Commentaar: Kerkorganist kan een hoop bederven, maar ook goedmaken
De organist keek zijn predikant enigszins teleurgesteld aan. „Dominee, u bidt zondags voor veel mensen, maar nooit voor mij.” De voorganger dacht snel na en reageerde ad rem: „U vergist zich, ik bid altijd voor hen die in hoogheid zijn gezeten.”
Een voorbeeld van kerkelijke humor? Zeker. Maar ook een illustratie van de praktijk in veel gevallen. Organisten zijn, ondanks hun imago van eigenwijsheid, gewone mensen. Ze willen behalve kritiek ook weleens een positief woord horen, blijkt uit de zaterdag gepubliceerde enquête van deze krant onder ruim 1200 kerkorganisten.
Elke zondag zitten ze er: de mannen –waar blijven de vrouwen?– om de gemeentezang met hun handen en voeten in de juiste banen te leiden.
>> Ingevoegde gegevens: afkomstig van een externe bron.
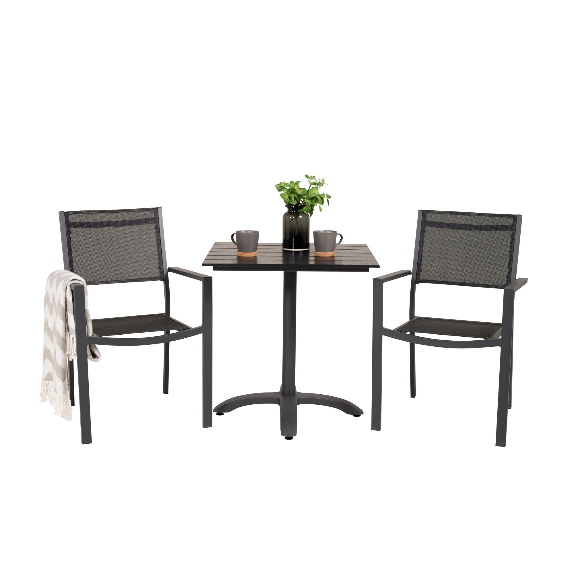Colorado - Cafébord - 70*70 - Matt Svart / Svart Aintwood+Copacabana Arm Chair (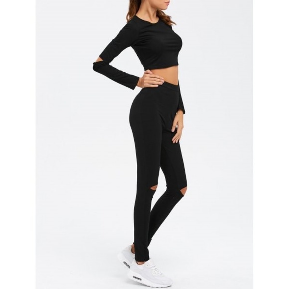Matching legging and crop top set with cutouts in the knees and elbows, perfect work working out or hanging out. Fits a size small.

Als het goed is, hebben ze zich thuis, of zelfs in de kerk, grondig voorbereid. Hoeveel uur op jaarbasis zou de organist in zijn kerkelijke functie steken? Natuurlijk, het is zijn passie om orgel te spelen, maar hij moet de tijd ervoor toch maar vrijmaken. Overigens nogal eens op zaterdagmiddag of -avond, als anderen van hun rust genieten.
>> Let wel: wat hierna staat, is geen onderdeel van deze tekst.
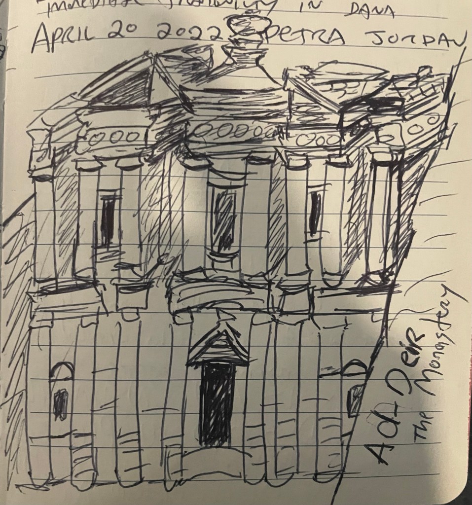 A full year of travel allows me to go deep into what specifically it is I look for and love in cities. What’s at the core. What floats my boat and finds my lost remote, so to speak. It’s a process still in flux, and I suspect once arrived upon, this may end up as an entire entry. For now, I acknowledge that few places have given me so much opportunity to think and speculate and ponder as the historic and archaeological city of Petra Jordan. The area now known as Petra has been inhabited from as early as 7000 BC, and the Nabataeans settled in what would become the capital city of their kingdom as early as the 4th century BC. So somewhere between 6,000 and 9,000 years of humans human-ing around these here parts. Yet it’s mostly a mix between a National park and an ancient excavated site. I can sit in a cafe along the main road and I can free climb up above the carved stone structures. Mostly I hike and think and write and drink water. I keep it simple. I’ve got a 3 day pass and I knock out something like 20 miles hiking and climbing in one day alone. 10 miles another. It’s fantastic. I cannot recommend a visit enough. Much of my recorded words revolve around fleeting thoughts and random happenings, though I do manage to get some good sketches done and take a ton of photos.

Organisten kopen geregeld bladmuziek, want ze willen de gemeente niet steeds dezelfde kost voorschotelen. Niemand eet graag elke dag spinazie. Met de aanschaf van de muziek zijn heel wat euro’s gemoeid. Koraalbundels zijn duur. Organisten betalen ze met liefde uit hun eigen portemonnee. In sommige gemeenten draagt de kerkenraad financieel bij, maar dat zijn er niet zo veel.
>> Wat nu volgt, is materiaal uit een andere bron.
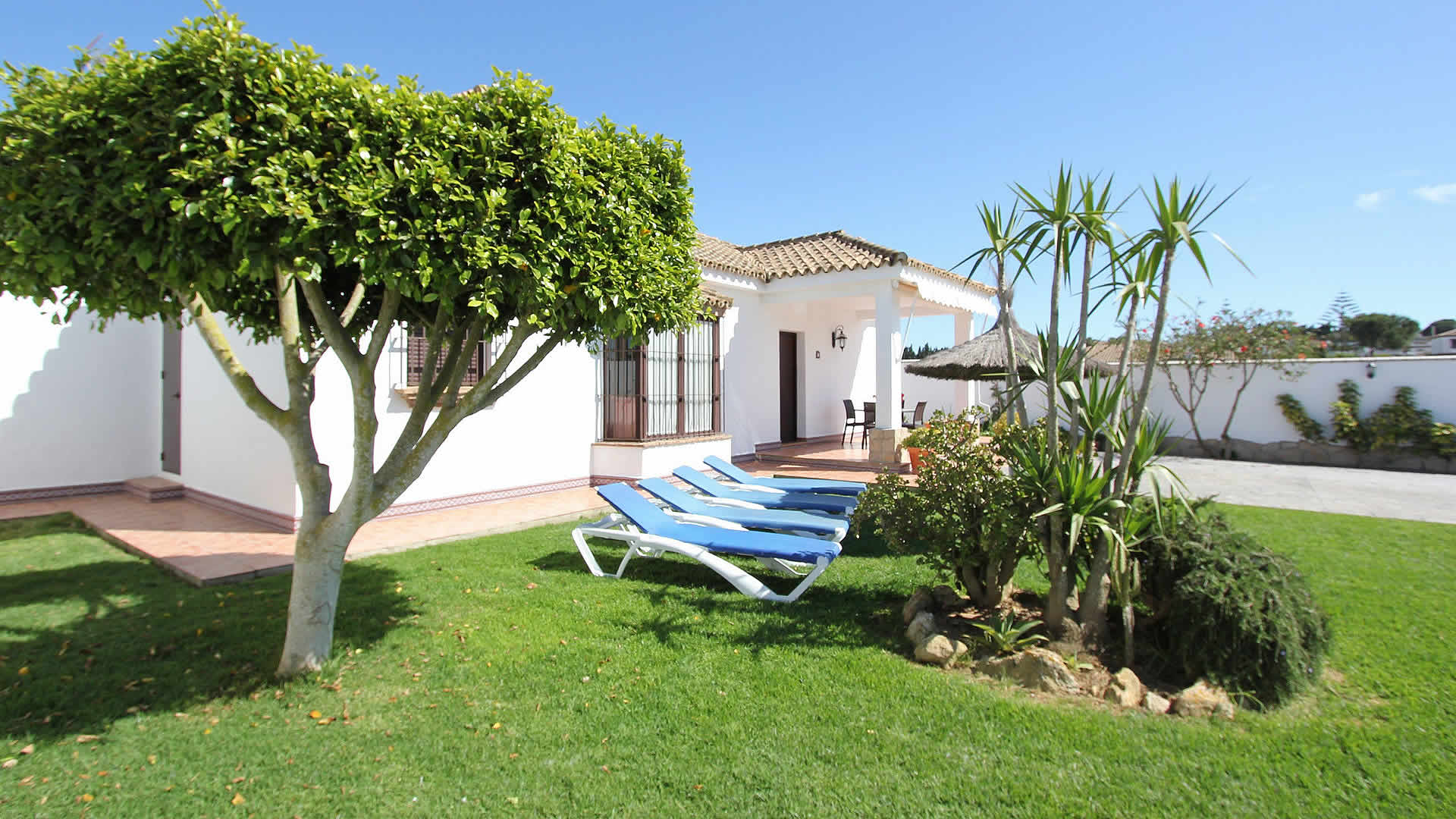 La villa esta situada en Dehesa de la Villa, una zona semi-rural al noreste del centro de Conil (2,5 kms). Es una zona de pequeños huertos donde muchos habitantes de la provincia han construido su casa de vacaciones. Es una zona tranquila sin edificios altos y con fácil acceso; en coche se llega en 5 minutos al centro. El jardÃn de la casa está completamente vallada y tiene un parking para 2-3 coches dentro de la finca. La piscina es privada y se puede cerrar el acceso para la seguridad de los más pequeños. Es bueno saber que la piscina no tiene cloro; esta equipado con un sistema de ionización (agua salada), mucho mejor para la piel y el medio ambiente! Junto a la entrada de la casa hay una zona de césped, completo con tumbonas y barbacoa. Hay un sombreado porche con muebles de jardÃn para disfrutar las comidas en el exterior.

Veel organisten horen zelden iets over hun spel. Geen bericht, goed bericht, zou de conclusie kunnen zijn. Maar die positieve reactie van dat gemeente- of kerkenraadslid doet toch wel erg goed. Soms gaat op maandagavond de telefoon. De organist heeft te hard gespeeld, te snel, te frivool. Of hij zich wil inhouden, aanpassen. Of hij wil spelen naar het hart van Jeruzalem. Wat dat is? Dat blijkt een lastige vraag.
Graag zouden organisten een goed gesprek met hun kerkenraad hebben, blijkt uit de enquête. Maar hebben de broeders wel verstand van muziek? Kerkenraadsleden houden zich serieus bezig met veel verschillende zaken. Van aandacht voor jongeren die dreigen af te haken tot pastorale zorg aan asielzoekers. Van de vraag hoe de kerk actief kan zijn in de buurt tot een gesprek over de inhoud van het catechetisch onderwijs. Kerkenraden gaan niet over één nacht ijs, maar bezinnen zich grondig op wat zich aandient in de gemeente.
Maar maakt iemand van de broeders zich druk om het orgelspel, om de gemeentezang? Niet alleen als er kritiek is, maar als onderwerp van bezinning? Zang en orgelspel hebben elke zondag een grote plaats in de eredienst. Waarom dan zo weinig positieve aandacht hiervoor, juist in reformatorische kerken? Het is een van de vragen die uit de enquête naar boven komen.
Het orgel, dat gaat nog wel, zei een voorganger. Maar die organisten, verzuchtte hij. Een medebroeder verwoordde het anders: Organisten kunnen een hoop bederven in de dienst, maar ook goedmaken. Een mooie basis voor een constructief gesprek.